Inflation in the price of goods in the U.S. has been coming down for the past six months, Powell pointed out, particularly driven by the easing of supply-chain issues and a shift in consumer spending toward services. “The place where we haven’t really seen much progress is in non-housing services,” Powell said. That category accounts for just over half of the inflation measure in the Fed’s preferred price growth gauge, the Personal Consumption Expenditures index.
Labor costs, Powell said, are really the “biggest factor by far” in the persistence of inflation in the service sector, adding that while there are signs that the labor market is softening, that is just beginning. “The point is…that’s where we’re not seeing a lot of progress yet,” he said.
There is some evidence that Powell’s approach is working. The Council for Economic Advisors published a apples-to-apples analysis of recent inflation rates across G-7 nations on Tuesday. By harmonizing data on headline inflation, the CEA found that while prices surged earlier in the U.S., rates on a 12-month basis are now running lower than in other G-7 countries.
The CEA’s research also found that the U.S. rates for both headline inflation and core inflation, which strips out the more volatile food and energy prices, are lower than in other G-7 countries.
Although Powell repeated Wednesday that the Fed has more work to do to get inflation down, the CEA’s new analysis is also good news for the Biden administration, which has continued to take political hits on the persistence of inflation and high levels of federal spending.
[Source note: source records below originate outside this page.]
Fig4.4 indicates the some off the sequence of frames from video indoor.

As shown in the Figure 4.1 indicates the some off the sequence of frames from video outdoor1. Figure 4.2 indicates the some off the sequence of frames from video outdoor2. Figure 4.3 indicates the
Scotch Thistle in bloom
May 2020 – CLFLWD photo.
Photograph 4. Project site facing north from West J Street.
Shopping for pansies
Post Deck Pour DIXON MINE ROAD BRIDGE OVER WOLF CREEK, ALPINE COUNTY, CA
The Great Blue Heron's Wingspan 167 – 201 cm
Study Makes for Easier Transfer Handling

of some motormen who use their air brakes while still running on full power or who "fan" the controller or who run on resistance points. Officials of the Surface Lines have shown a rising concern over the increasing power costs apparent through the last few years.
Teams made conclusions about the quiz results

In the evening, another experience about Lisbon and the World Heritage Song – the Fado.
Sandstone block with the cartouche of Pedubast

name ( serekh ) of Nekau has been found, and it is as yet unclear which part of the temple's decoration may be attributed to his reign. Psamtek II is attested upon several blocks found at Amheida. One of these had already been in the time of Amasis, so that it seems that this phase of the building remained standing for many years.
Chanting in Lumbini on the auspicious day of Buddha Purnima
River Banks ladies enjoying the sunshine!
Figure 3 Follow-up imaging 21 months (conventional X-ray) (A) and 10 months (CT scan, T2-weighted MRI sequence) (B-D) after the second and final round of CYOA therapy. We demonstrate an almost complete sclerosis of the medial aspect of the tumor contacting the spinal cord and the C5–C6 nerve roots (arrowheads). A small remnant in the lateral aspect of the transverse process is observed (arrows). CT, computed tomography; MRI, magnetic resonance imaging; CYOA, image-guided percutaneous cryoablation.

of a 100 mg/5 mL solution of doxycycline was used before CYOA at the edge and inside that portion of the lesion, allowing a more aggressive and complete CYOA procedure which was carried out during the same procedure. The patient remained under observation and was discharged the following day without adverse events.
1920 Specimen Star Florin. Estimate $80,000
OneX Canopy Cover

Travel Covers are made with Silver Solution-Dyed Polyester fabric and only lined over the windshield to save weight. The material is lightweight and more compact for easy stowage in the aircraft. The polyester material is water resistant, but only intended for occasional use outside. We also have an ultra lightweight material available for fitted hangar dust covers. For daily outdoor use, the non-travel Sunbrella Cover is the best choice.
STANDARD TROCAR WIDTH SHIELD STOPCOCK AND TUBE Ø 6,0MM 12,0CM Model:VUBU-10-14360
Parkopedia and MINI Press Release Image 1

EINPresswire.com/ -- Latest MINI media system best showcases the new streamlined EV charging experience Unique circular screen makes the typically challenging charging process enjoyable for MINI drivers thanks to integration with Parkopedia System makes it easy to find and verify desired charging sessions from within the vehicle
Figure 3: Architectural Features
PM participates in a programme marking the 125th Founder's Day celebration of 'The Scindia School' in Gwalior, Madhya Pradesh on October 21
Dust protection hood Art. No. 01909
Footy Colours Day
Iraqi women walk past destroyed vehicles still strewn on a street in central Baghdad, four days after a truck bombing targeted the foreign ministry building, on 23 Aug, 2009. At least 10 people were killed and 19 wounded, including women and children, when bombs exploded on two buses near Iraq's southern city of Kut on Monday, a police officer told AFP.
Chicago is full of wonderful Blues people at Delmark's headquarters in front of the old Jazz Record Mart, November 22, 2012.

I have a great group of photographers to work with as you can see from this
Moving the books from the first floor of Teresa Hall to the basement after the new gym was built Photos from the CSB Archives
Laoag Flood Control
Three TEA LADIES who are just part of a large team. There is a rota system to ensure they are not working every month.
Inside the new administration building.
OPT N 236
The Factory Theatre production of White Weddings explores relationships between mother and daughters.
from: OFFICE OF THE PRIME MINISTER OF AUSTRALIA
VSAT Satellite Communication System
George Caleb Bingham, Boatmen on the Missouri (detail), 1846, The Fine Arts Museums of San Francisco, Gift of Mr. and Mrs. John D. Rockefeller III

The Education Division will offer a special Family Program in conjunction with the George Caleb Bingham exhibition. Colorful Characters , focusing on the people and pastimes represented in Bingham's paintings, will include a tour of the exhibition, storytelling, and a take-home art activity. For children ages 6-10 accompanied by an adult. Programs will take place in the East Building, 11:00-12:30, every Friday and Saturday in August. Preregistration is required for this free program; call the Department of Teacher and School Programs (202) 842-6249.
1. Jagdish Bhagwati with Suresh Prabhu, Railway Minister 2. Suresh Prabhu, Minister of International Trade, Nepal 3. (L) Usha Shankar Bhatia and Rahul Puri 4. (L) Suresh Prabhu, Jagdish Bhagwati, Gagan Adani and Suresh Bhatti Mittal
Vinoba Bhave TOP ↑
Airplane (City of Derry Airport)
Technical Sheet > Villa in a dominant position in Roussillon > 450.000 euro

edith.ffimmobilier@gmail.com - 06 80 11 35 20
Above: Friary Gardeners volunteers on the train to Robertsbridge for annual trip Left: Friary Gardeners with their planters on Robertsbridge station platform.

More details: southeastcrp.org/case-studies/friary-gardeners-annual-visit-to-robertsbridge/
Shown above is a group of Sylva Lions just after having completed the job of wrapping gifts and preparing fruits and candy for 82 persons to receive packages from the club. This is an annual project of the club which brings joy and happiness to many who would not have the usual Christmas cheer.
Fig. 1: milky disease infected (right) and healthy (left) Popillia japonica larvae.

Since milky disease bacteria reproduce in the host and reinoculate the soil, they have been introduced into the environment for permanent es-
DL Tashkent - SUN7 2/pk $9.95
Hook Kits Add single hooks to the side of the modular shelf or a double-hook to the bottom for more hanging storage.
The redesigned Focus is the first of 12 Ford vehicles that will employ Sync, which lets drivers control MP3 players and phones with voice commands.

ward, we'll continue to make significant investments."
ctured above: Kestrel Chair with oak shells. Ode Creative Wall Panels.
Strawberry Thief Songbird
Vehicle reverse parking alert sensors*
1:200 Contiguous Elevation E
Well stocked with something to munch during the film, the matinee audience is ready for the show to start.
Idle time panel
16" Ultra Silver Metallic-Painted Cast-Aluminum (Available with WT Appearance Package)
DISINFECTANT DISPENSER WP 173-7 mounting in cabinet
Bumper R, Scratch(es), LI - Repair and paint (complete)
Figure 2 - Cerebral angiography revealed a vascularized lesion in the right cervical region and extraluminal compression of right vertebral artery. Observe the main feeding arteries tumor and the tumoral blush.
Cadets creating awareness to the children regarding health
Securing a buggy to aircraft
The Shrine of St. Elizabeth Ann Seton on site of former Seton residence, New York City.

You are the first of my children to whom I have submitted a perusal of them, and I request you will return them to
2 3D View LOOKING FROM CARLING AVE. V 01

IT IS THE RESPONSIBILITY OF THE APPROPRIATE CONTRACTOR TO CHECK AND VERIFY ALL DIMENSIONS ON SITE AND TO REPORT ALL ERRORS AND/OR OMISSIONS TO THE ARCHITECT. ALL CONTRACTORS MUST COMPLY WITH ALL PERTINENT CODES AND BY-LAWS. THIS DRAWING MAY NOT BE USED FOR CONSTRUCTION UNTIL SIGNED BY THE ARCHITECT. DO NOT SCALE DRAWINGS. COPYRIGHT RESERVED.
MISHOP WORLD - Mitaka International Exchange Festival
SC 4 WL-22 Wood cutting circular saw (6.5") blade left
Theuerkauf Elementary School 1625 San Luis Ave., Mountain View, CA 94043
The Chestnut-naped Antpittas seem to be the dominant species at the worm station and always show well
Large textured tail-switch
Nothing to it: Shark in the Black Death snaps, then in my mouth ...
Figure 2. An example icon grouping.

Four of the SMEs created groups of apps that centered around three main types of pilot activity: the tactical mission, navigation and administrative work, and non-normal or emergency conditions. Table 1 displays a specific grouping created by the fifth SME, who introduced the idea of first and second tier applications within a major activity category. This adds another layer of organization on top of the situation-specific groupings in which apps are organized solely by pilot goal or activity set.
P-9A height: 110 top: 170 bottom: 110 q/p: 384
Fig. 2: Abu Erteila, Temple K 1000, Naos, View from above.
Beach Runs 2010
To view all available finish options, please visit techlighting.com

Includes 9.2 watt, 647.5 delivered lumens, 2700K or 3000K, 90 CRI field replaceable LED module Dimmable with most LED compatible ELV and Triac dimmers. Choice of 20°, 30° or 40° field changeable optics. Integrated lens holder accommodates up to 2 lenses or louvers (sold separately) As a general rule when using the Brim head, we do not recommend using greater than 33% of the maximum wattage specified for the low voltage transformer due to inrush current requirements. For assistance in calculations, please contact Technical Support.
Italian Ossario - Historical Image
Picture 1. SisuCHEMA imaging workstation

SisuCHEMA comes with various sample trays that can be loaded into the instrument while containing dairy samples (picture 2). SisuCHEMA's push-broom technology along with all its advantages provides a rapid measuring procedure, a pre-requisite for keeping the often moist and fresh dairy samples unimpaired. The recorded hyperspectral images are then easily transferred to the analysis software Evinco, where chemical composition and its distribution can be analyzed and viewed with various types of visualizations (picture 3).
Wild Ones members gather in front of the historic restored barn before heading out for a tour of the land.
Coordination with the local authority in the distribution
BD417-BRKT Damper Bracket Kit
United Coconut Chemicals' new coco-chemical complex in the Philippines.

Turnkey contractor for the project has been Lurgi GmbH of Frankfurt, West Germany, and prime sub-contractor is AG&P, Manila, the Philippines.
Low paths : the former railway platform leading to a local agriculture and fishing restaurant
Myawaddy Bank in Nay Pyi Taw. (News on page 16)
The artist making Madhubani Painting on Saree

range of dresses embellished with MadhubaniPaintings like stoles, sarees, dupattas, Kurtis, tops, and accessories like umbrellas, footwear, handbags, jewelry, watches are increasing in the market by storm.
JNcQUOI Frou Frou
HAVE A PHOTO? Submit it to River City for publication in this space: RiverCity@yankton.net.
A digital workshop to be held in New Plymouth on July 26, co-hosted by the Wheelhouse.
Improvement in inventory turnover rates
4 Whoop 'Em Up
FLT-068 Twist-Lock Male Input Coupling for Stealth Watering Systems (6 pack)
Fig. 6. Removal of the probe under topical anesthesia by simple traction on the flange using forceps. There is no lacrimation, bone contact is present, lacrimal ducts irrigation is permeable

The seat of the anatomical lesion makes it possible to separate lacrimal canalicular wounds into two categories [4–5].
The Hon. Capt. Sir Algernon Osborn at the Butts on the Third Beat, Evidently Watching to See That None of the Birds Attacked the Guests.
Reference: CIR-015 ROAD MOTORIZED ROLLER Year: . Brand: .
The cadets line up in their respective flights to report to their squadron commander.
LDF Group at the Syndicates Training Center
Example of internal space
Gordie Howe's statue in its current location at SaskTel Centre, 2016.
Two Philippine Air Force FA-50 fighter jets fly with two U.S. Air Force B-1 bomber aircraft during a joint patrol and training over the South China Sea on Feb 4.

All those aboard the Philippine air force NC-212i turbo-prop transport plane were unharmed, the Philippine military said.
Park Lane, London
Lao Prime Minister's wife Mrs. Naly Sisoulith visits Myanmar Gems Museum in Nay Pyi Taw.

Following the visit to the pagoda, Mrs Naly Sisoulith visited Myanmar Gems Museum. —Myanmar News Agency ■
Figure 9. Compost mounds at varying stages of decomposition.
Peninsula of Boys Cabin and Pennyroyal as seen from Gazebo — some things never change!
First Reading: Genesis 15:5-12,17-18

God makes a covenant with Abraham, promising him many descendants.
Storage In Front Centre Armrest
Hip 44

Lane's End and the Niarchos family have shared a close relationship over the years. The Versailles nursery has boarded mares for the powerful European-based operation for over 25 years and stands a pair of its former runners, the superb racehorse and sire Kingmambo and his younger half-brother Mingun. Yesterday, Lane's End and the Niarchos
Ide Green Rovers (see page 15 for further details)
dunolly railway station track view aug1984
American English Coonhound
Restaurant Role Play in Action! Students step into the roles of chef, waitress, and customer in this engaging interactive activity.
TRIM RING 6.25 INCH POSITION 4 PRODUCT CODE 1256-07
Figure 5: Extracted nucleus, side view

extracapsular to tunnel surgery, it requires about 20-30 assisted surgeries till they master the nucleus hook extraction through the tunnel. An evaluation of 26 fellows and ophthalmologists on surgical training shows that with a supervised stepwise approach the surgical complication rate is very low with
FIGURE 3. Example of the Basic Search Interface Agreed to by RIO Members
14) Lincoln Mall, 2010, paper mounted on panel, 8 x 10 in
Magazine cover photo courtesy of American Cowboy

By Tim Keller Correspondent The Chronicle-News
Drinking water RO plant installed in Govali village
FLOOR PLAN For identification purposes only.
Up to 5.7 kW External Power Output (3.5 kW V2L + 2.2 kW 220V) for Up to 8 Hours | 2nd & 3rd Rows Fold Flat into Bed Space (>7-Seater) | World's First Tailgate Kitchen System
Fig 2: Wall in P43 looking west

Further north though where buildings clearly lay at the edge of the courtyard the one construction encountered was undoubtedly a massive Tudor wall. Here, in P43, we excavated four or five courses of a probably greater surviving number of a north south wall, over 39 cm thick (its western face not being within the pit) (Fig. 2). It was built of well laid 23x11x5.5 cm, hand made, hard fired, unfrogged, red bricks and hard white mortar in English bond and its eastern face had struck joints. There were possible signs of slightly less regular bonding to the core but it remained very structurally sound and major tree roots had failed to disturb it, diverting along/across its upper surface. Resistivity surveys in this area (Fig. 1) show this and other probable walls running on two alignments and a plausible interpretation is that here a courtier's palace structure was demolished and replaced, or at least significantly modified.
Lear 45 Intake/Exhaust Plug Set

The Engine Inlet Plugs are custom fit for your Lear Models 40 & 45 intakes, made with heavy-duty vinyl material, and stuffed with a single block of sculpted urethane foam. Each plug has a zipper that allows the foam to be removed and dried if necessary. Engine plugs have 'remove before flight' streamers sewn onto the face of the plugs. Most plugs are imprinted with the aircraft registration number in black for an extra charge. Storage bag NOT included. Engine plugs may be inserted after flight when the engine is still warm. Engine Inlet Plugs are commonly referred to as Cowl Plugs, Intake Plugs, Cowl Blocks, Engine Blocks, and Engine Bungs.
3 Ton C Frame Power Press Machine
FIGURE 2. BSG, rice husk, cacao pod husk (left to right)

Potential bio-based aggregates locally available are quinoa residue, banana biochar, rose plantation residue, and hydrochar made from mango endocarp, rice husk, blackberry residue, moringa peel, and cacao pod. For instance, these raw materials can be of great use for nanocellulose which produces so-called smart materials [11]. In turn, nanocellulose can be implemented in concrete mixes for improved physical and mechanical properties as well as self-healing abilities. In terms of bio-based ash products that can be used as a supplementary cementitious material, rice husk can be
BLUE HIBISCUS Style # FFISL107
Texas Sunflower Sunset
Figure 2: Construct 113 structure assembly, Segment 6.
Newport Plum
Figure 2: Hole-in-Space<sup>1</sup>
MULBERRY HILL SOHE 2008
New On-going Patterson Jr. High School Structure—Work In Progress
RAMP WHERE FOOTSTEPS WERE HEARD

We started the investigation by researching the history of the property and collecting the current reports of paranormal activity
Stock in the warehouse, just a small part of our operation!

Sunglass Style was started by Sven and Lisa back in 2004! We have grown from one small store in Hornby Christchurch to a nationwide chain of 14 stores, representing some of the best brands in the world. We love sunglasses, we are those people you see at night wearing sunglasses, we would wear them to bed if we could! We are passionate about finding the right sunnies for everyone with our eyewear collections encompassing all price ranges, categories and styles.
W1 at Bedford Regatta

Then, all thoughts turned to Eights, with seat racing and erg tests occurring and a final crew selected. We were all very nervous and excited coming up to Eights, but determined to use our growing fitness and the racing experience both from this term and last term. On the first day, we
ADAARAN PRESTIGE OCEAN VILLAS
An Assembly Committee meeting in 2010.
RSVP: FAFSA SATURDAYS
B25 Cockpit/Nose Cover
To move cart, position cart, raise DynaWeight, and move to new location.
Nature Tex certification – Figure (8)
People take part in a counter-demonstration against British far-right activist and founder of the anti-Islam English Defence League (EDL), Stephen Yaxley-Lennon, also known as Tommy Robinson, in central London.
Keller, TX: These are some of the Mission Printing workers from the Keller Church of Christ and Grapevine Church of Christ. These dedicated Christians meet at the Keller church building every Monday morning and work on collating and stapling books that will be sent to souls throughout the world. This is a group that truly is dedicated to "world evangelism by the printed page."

Biden is set to launch a defense of his economic accomplishments with a speech this afternoon.
The U.S. government’s pandemic-related spending was “very high,” Powell acknowledged, but said Wednesday that stimulus money and consumer savings levels aren’t as much a factor in the current inflation trends as the strong labor market and wage growth. “If you look at where the inflation is in the economy, I wouldn’t say that that’s an important driver of inflation or something that we think about or consider,” he said
Powell noted, however, that the pandemic had changed the U.S. in ways that could affect economic policy in he future. “There are changes and we don’t know how persistent they will be,” Powell said.